文摘OBJECTIVE: To compare the effects of integrated Chinese-Western therapy versus Western therapy alone on the survival rate of patients with non-small-cell lung cancer (NSCLC) at middle-late stage and to evaluate prognostic factors. METHODS: We selected 98 inpatients with middle-late stage NSCLC diagnosed from March 2009 to March 2011 and randomly divided them into two groups, with 49 cases in each group, and the clinical data were analyzed retrospectively.The control group was treated by the combined methods of Western Medicine, including chemotherapy, supportive treatment and symptomatic treatment. The observation group was treated by injection and prescriptions of Chinese medicine based on Traditional Chinese Medicine syndrome differentiation and by the same combined methods of western treatment used in the control group. After treatment, the survival rates of the patients were compared by the stage of cancer and evaluation of 24 prognostic factors analyzed by a Cox regressionmodel, and the clinical data were statistically analyzed.

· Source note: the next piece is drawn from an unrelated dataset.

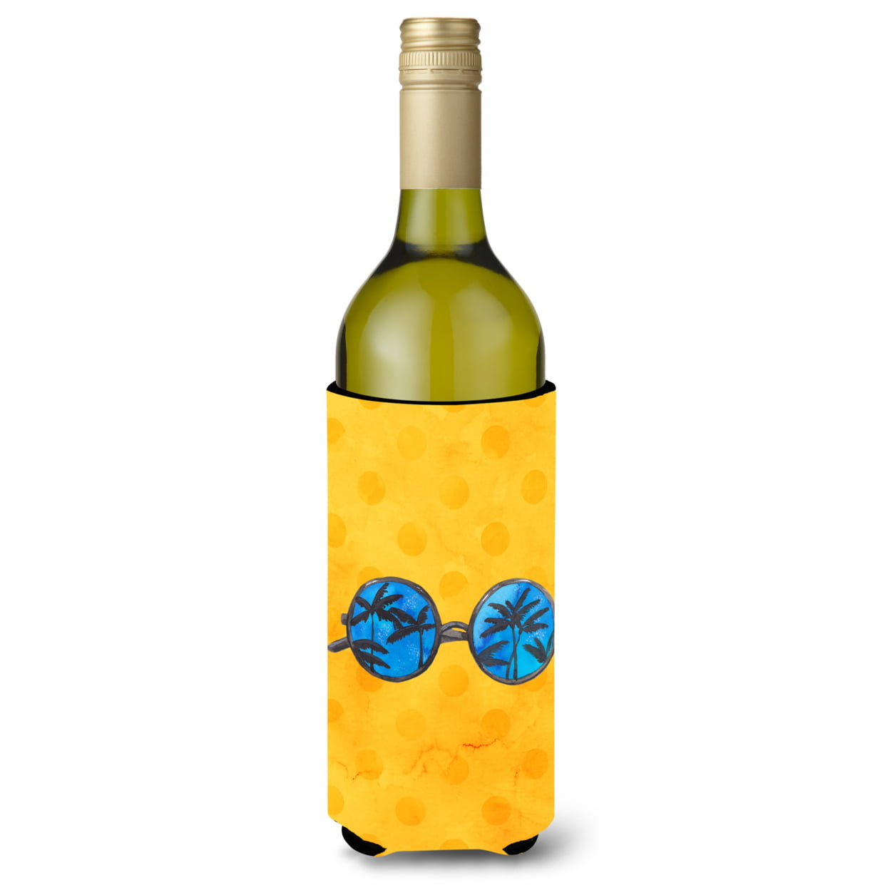 Carolines Treasures BB8177LITERK Sunglasses Yellow Polkadot Wine Bottle Beverge Insulator Hugger

RESULTS: The survival rates of all patients were over 90.0% at 1 and 3 months after treatment with no significant differences between the two groups (P>0.05); In the observation group the survival rates at 6 months and 1 year were 93.4% and 42.8%, respectively, being superior to 85.6% and 18.3% in the control group (P<0.05). The median survival time in the observation group was superior to the control group (P<0.05); The effects of 24 prognostic factors were significantly better in the observation group than in the control group (P<0.05). CONCLUSION: Integrated Chinese-western therapy can significantly improve the survival rate in patients with middle-late stage NSCLC and improve prognostic factors compared with western therapy alone.